1. Failure to Prepare and Investigate (claims 2a, 2b and 3d)

Garcia argues that Duran provided ineffective assistance of counsel when he failed to prepare a defense, failed to investigate medical and 6 psychological evidence that would have produced exculpatory evidence, and failed to investigate the victim's father's trial for the same offense for which Garcia was convicted. Pet 7 (ECF No. 3). As discussed below, Garcia's claims fail because they are conclusory and are also legally insufficient.

Attorneys have a duty to investigate the charges and evidence against their clients. See Strickland, 466 U.S. at 690-91. “A defendant who alleges a failure to investigate on the part of his counsel must allege with specificity what the investigation would have revealed and how it would have altered the outcome of the trial.” United States v. Green, 882 F.2d 999, 1003 (5th Cir. 1989) (citing Alexander v. McCotter, 775 F.2d 595 (5th Cir. 1985)); see also United States v. Bernard, 762 F.3d 467, 477 (5th Cir. 2014) (citing Druery v. Thaler, 647 F.3d 535, 541 (5th Cir. 2011)). “[I]n a guilty plea scenario, a [movant] must prove not only that his attorney actually erred, but also that he would not have pled guilty but for the error.” Armstead, 37 F.3d at 206 (citing Hill, 474 U.S. at 52).

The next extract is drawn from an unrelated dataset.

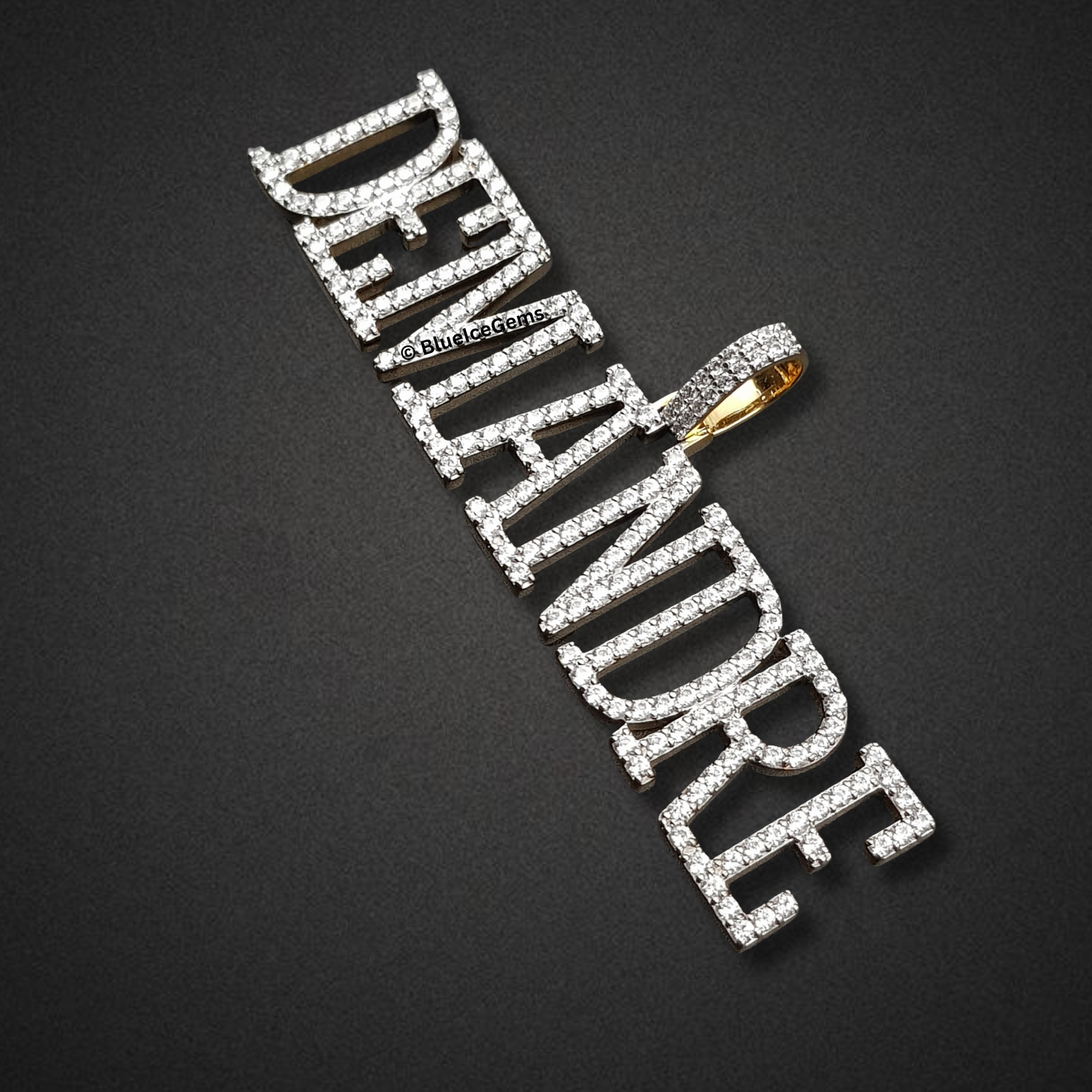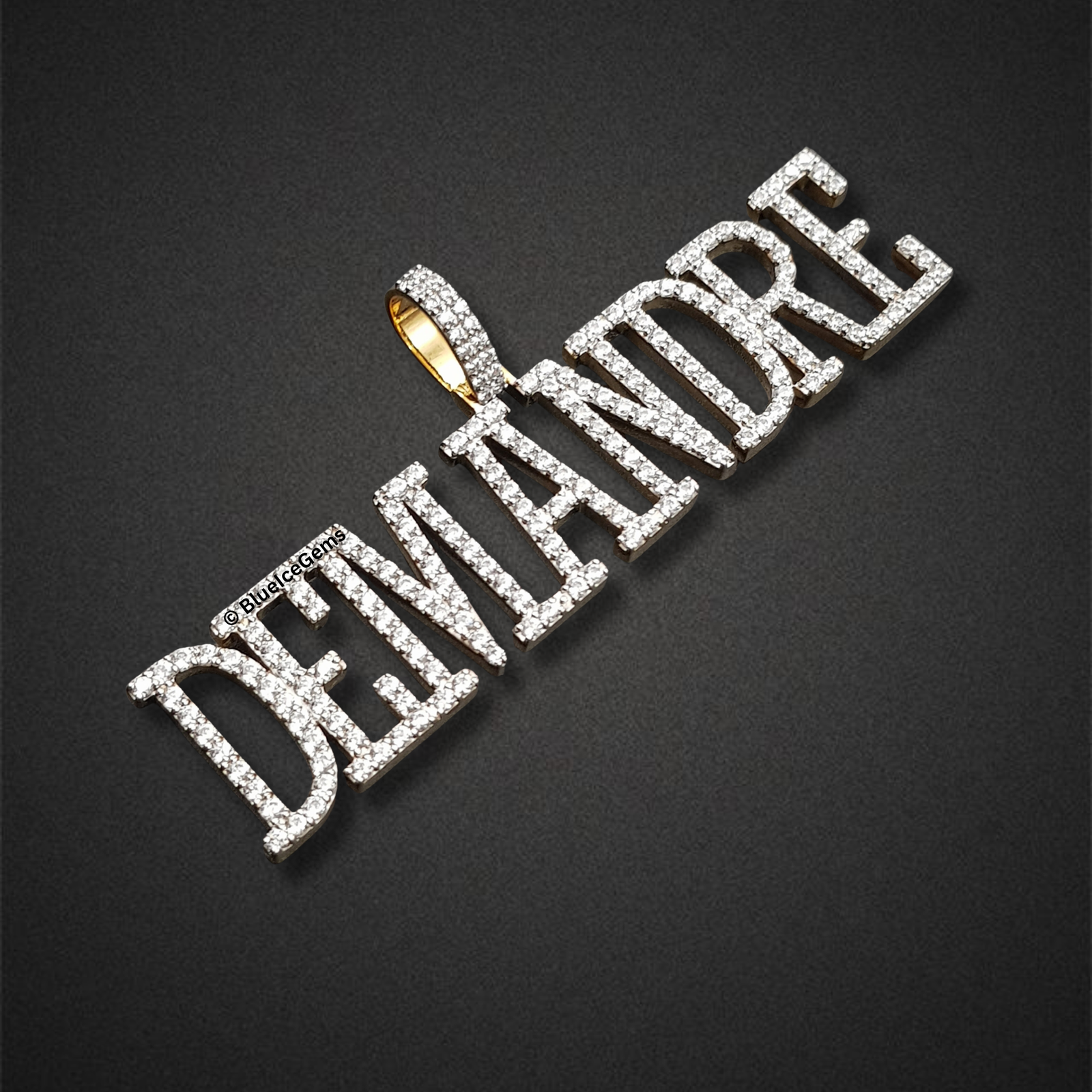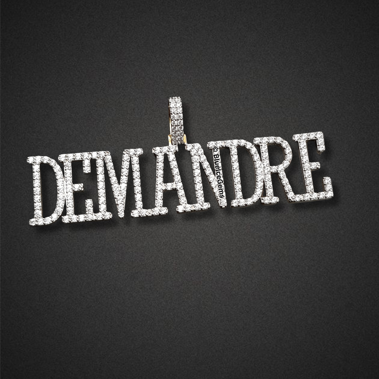 Celebrate a personal name and make an unforgettable statement with this striking “DEMANDRE” pendant, an exquisite piece from BlueIceGems. This captivating pendant is meticulously pave-set with an abundance of dazzling, brilliant white diamonds, ensuring a breathtaking display of fire and sparkle from every angle. Each bold, precisely formed block letter is expertly crafted to create an unbroken surface of pure scintillation, designed specifically to capture and reflect light with unparalleled brilliance and intensity. Crafted entirely in gleaming, highly polished white gold, this substantial pendant not only offers a sleek, modern aesthetic but also provides a powerful and deeply personal statement of luxury and individuality. It’s the perfect way to wear a significant name close to your heart with exceptional elegance.

Garcia contends that Duran failed to properly investigate his case, but his claims are legally insufficient. For instance, he fails to allege with specificity what a proper investigation would have revealed and how it would have impacted the outcome of his trial. See Green, 882 F.2d at 1003. Moreover, the record demonstrates that Duran had a viable trial strategy, which appears to have been to refute the victim's allegations, demonstrate Garcia's innocence, and hold the State to its burden of proof. See (ECF No. 14-8). 7 At trial, Duran cross-examined the victim's therapist. Id. at 96-99. He called and questioned Garcia's niece (id. at 99-103), and the victim's mother (id. at 103-106). Garcia also took the stand on his own behalf. Id. at 107-117

Under Strickland, a court's review of counsel's performance should be “highly deferential.” 466 U.S. at 698. This is so because “[i]t is all too tempting for a defendant to second-guess counsel's assistance after conviction or adverse sentence[.]” Id. at 689. And “[g]iven the almost infinite variety of possible trial techniques and tactics available to counsel, this Circuit is careful not to second guess legitimate strategic choices.” Yohey v. Collins, 985 F.2d 222, 228 (5th Cir. 1993); see also United States v. Scott, 11 F.4th 364, 373 (5th Cir. 2021). Therefore, Garcia has failed to demonstrate that Duran provided deficient performance under Strickland, and the Court need not address prejudice. See Amos v. Scott, 61 F.3d 333, 348 (5th Cir. 1995) (“[A] court need not address both prongs of the conjunctive Strickland standard, but may dispose of such a claim based solely on a petitioner's failure to meet either prong of the test.”); see also Okechuku v. United States, 2021 WL 2690091, at *9 (N.D. Tex. June 14, 2021) (same), rec. adopted, 2021 WL 2685283 (N.D. Tex. June 30, 2021).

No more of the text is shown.